Report: Deadline may move for Cowboys, Prescott in franchise tag dance

Tuesday’s highly-anticipated deadline may get pushed due to uncertainty over league financials, according to NFL insider Ian Rapoport.

That March 9 deadline that all of Cowboys Nation has been breathlessly waiting on? The one that says the Cowboys and quarterback Dak Prescott must have a deal in place by… or else use the franchise tag for the second year in a row? The one that, if it passes, is a clear signal to some- and at the very least a frightening step toward the ever-more-likely possibility- that the team won’t have Prescott’s services after the 2021 season?

That hard and fast deadline of Tuesday afternoon? Yeah, turns out it might not be the deadline after all.

NFL Network insider Ian Rapaport is reporting that the franchise tag deadline could now be pushed due to uncertainty about the league’s official salary cap number. He adds that several general managers around the league are already “bracing” for that possibility.
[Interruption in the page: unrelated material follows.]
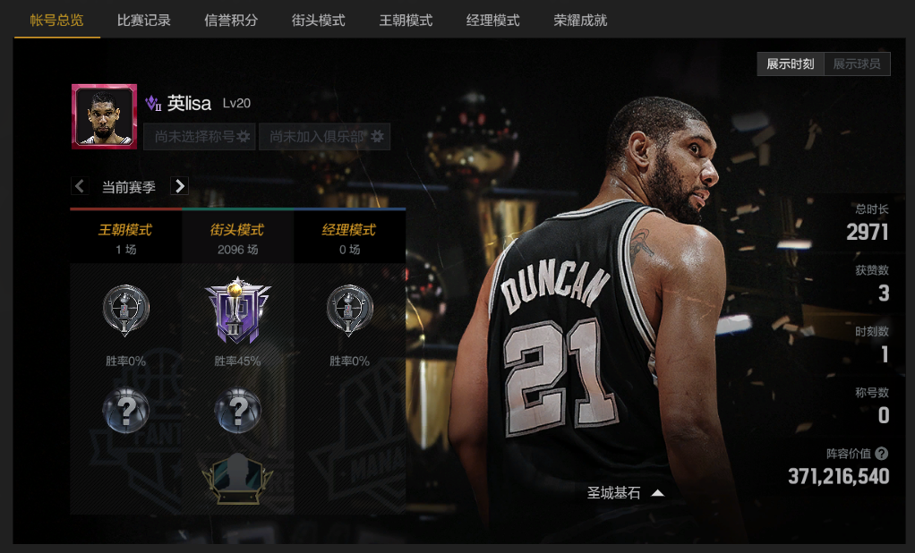 ⭐可排位,段位:巨星⭐六突04邓肯,带时刻圣城基石⭐最新陈列室全能邓肯⭐
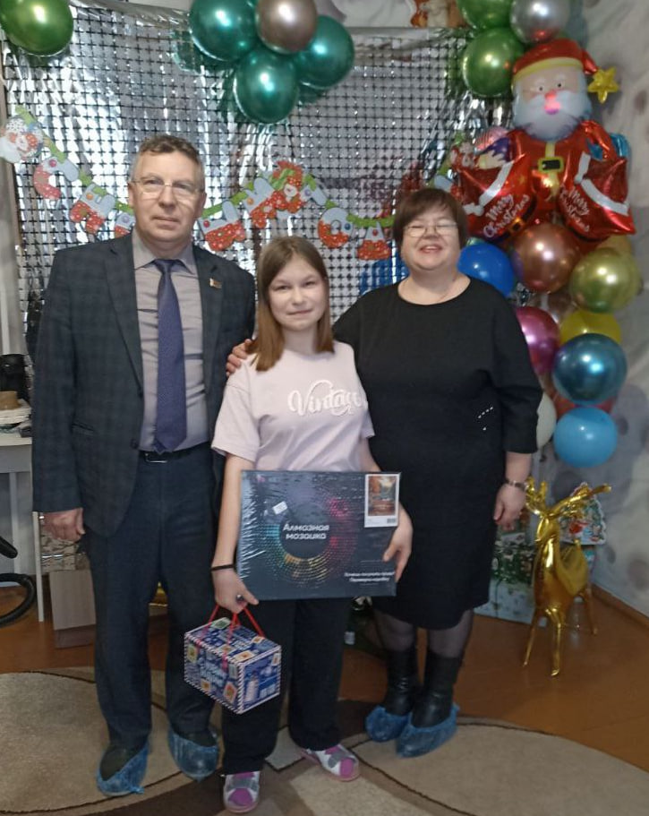 А к юной жительнице агрогородка Бочейково с подарками и наилучшими пожеланиями приехали руководители финансового отдела и управления по труду райисполкома Александр Ткаченок и Елена Овчинникова.

Jerry Jones would certainly be one of them.

The cap won’t be any lower than $180 million; that much is known. But how close the actual cap is to that number is still in flux. That difference matters greatly to teams in determining their financial flexibility down to the penny this coming season.

“If the official salary cap number doesn’t come today [Monday] and soon,” Rapoport tweeted, “NFL will have to move back the deadline.”

 

A retooled deadline for franchise tagging players would not change the start of the league year, which begins March 17. It would still have to happen before that date.

Prescott and the Cowboys front office would still have to choose one of the following courses of action: hammer out an agreement by the new deadline, use the franchise tag to lock in a 2021 salary for Prescott of $37.7 million (and perhaps buy themselves a little more time to negotiate), or- the completely unthinkable nuclear option- do neither and simply let him leave right now as a free agent.

Pushing Tuesday’s deadline wouldn’t change that menu of three options; it would only prolong having to decide which it will be.

“The deadline was also delayed last year,” as noted by Pro Football Talk’s Michael David Smith, “as teams were given an extra four days to decide after the NFL Players Association pushed back its deadline for players to vote on the new Collective Bargaining Agreement.”

Some are pointing to Jerry and Stephen Jones’s long-standing mantra that “Deadlines make deals.” Both the Joneses and Prescott have said publicly that they want No. 4 to remain the team’s quarterback. That’s cause for optimism, despite this dance having already gone on for two calendar years.

Some, though, including ESPN analyst Dan Orlovsky, think the die has been cast… and he’s predicting massive aftershocks around the NFL.

“I do believe they’re going to tag him,” the former quarterback said on the network’s Get Up. “When they tag him, two things. They’re going to stink this year, because their salary cap- like everyone has pointed out- is going to be so chewed up by that [$37.7 million] number. And two, this will be Dak’s last year in Dallas. He will no longer be the Cowboys’ quarterback moving forward after this season. And then the last thing that would stand out to me is that next offseason would be pandemonium. We’ve seen teams in the NFL kind of tank, or front offices tank, to acquire draft picks. I think we would see teams and front offices try and tank, so to speak, to create cap space, almost like sometimes we see in the NBA- just unload contracts- for the bidding war of Dak Prescott next year.”

Just to be clear, the Cowboys would not be in any way the beneficiary of that particular leaguewide pandemonium. It would be teams lining up to court Prescott, and the Cowboys playing the role of the chumps who let him walk.

For now, though, the eyes of everyone around the league remain locked squarely on The Star, just the way the Joneses like it. And if Rapoport is right, they’re about to get a few extra days of it.

Cowboys fans can only hope they use it wisely.